カランビットナイフのように、指にリングを通して使う、刃渡り2cmほどのナイフ。


‥‥男の子は、こういうのの方が大好き。


一応、有事には車のフロントガラスを割るのに使え、簡易的なブリーチングにも耐えられるナイフとなっている。


男の子は、こういうのの方が大好き。


ともあれ、さっそく刹那がやらかして、アクシデントがあったものの、気を取り直して――。



「じゃ、行こうか?」

「はい。」



刹那が手を差し出し、アイが手を握る。

手をつないで、ドローンポートを歩いていく。


なんだか、エアドローンを利用しているお客さんの視線を感じる気がするが、たぶん気のせい。


バカップルな両親の、血は争えなくて、すでにバカップルの予兆を漂わせて、周囲の目を集めているのは、たぶん気のせい。


アイとの待ち合わせ場所になっていたエアドローン乗り場は、にのまえ市の郊外にある。

栄えた市街地から少し離れた所に、野球やコンサートをするためのスタジアムがあり、そこに併設されている。

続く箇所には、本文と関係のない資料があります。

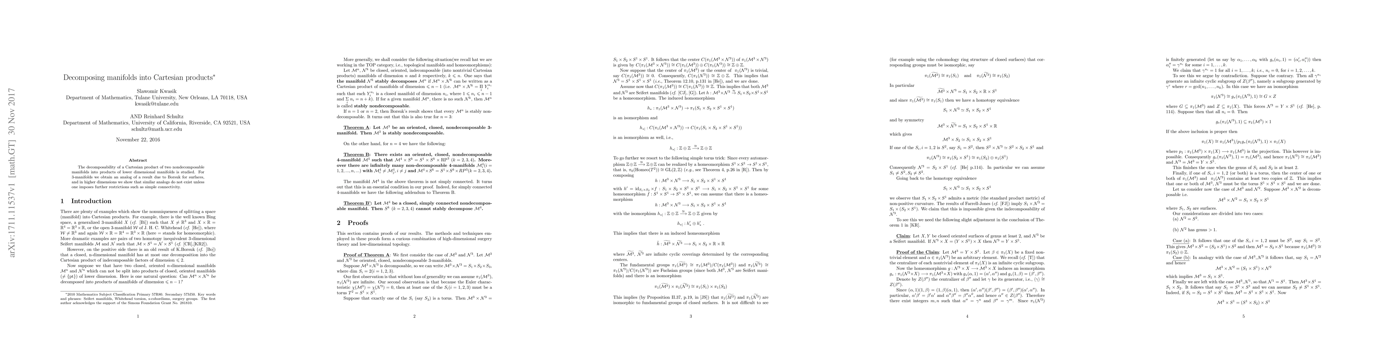 The decomposability of a Cartesian product of two nondecomposable manifolds into products of lower dimensional manifolds is studied. For 3-manifolds we obtain an analog of a result due to Borsuk for surfaces, and in higher dimensions we show that similar analogs do not exist unless one imposes further restrictions such as simple connectivity.
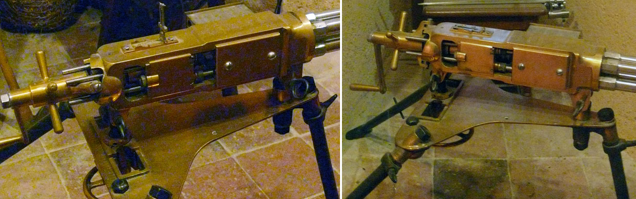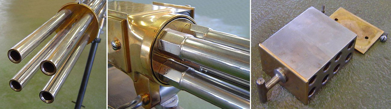 Для описания системы Габеров достаточно сказать, что боепитание этой четырехствольной митральезы осуществлюсь из несъемного магазина, емкостью всего 8 патронов! Вряд ли получится найти еще хотя бы один пулемет со столь малым боекомплектом. При этом перезарядка производилась вручную, по одному патрону, как в револьвере Нагана. Для этого имелся отдельный номер расчета.
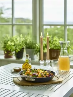 Smartshape panderne er designet til at kunne stables, uden at håndtaget rører ved kanten, og er derfor nemme at opbevare i køkkenskabet. Så du kan roligt starte din samling af Smartshape-pander og få dem i alle størrelserne, uden at pladsen bliver trang.
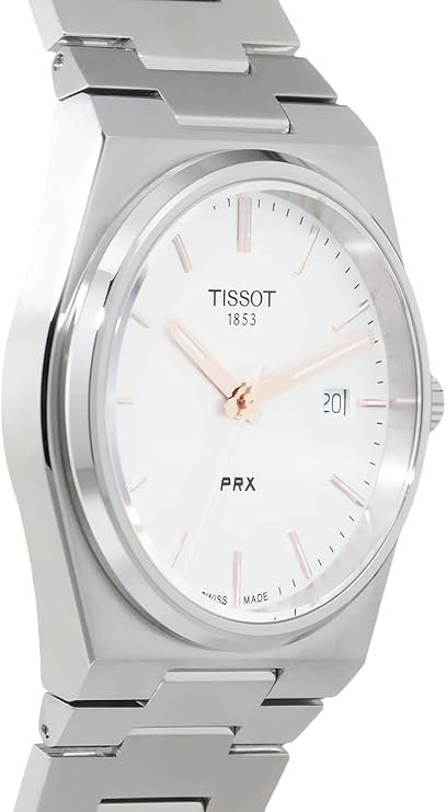 Tissot PRX Swiss Made Men’s Watch – 40mm Stainless Steel Integrated Bracelet with Silver Dial & Rose Gold Accents
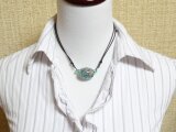 チョーカーの長さは約39~75cmです。結び目を動かして長さを自由に調節できます。こげ茶色のロービングヤーン綿100%の紐を使用しております。

アイが言うには、東京の調布という場所にも、スタジアムの近くに飛行場があるらしい。


12月の、午前の空気。

吐息を白く染め上げる肌寒さを、つないだ手で温めながら。


2人は、にのまえスタジアムの外周を回って駐車場へ。


久遠(くおん)家の自家用車へと乗り込み、エンジンを点ける。



今日の行き先は、色々と考えた。

アイの喜びそうな場所、人気のスポット。


色々と考えた結果、最終的に刹那は、自分の得意で行き先を決めることにした。


助手席に座るアイが、シートベルトを締める。